Assigned task: The lines below, from the one holding "P.O. Box 1499" through the one holding "May 5th Cinco de Mayo", are to be restated word for word, with all images left out.

Data to examine:
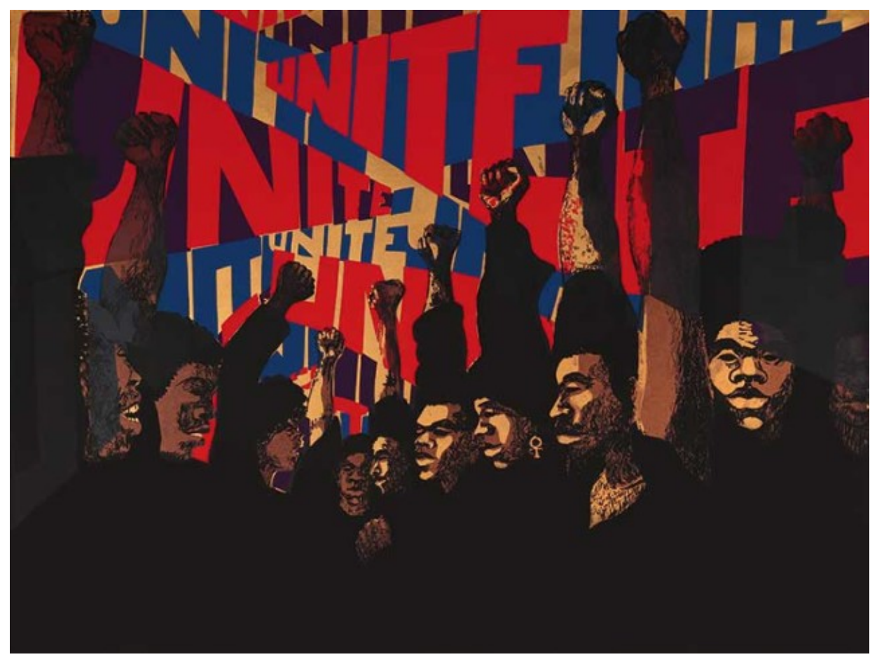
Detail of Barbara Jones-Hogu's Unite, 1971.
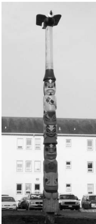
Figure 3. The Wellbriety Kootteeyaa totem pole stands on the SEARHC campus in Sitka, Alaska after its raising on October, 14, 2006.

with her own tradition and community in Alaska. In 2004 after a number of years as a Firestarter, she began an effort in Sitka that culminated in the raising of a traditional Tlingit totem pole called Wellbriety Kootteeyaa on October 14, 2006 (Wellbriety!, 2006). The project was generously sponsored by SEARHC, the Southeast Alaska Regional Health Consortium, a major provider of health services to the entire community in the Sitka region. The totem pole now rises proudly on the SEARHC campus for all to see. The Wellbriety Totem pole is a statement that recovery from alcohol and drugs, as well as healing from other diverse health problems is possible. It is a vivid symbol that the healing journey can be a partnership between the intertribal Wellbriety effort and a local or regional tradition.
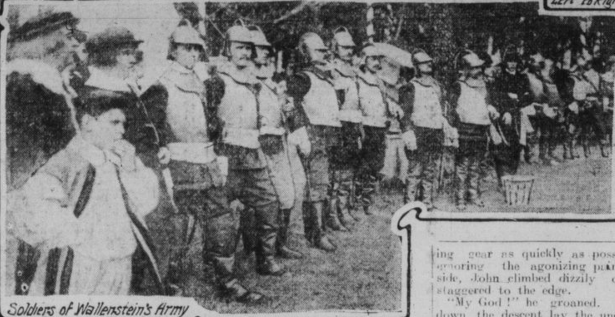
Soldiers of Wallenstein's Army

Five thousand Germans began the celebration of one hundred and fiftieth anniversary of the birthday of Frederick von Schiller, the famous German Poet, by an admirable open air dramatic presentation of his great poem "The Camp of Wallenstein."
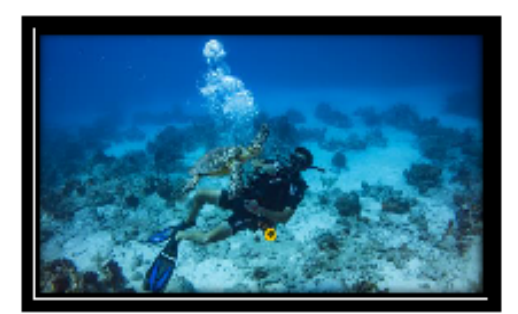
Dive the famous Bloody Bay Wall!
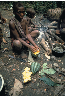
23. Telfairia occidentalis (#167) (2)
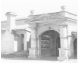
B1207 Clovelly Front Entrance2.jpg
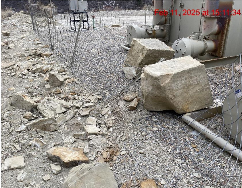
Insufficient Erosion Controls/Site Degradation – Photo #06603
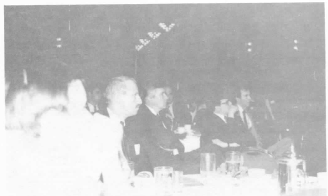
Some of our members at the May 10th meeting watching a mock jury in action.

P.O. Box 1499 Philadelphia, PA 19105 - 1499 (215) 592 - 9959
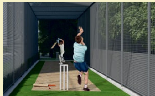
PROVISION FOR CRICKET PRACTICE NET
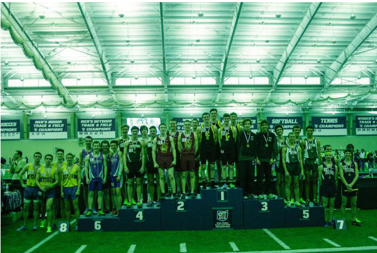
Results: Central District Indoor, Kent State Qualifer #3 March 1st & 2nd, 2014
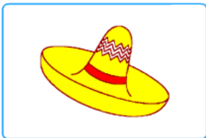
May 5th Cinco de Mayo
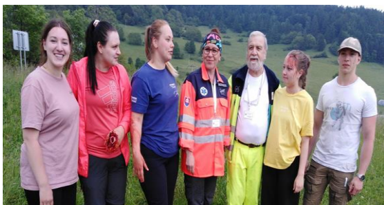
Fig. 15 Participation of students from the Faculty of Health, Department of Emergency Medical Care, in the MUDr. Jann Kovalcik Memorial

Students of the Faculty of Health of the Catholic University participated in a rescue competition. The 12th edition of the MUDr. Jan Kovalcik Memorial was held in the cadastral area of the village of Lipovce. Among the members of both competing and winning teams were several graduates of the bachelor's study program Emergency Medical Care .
==
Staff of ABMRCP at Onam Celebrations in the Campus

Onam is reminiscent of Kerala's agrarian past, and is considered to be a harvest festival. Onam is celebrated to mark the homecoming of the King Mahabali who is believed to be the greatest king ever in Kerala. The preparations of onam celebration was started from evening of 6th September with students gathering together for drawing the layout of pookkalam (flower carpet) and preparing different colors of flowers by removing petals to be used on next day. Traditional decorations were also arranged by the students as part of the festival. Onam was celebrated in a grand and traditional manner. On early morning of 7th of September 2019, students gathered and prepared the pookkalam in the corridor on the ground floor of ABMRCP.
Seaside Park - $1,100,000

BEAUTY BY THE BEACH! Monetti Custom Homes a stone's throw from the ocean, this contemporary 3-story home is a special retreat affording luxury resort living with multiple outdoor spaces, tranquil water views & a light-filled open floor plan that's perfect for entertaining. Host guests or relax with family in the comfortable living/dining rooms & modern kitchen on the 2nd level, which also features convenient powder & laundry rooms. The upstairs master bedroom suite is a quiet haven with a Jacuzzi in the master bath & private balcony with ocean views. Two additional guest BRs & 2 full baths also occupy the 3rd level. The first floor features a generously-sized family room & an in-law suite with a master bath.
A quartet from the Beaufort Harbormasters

Your response:
P.O. Box 1499 Philadelphia, PA 19105 - 1499 (215) 592 - 9959
PROVISION FOR CRICKET PRACTICE NET
Results: Central District Indoor, Kent State Qualifer #3 March 1st & 2nd, 2014
May 5th Cinco de Mayo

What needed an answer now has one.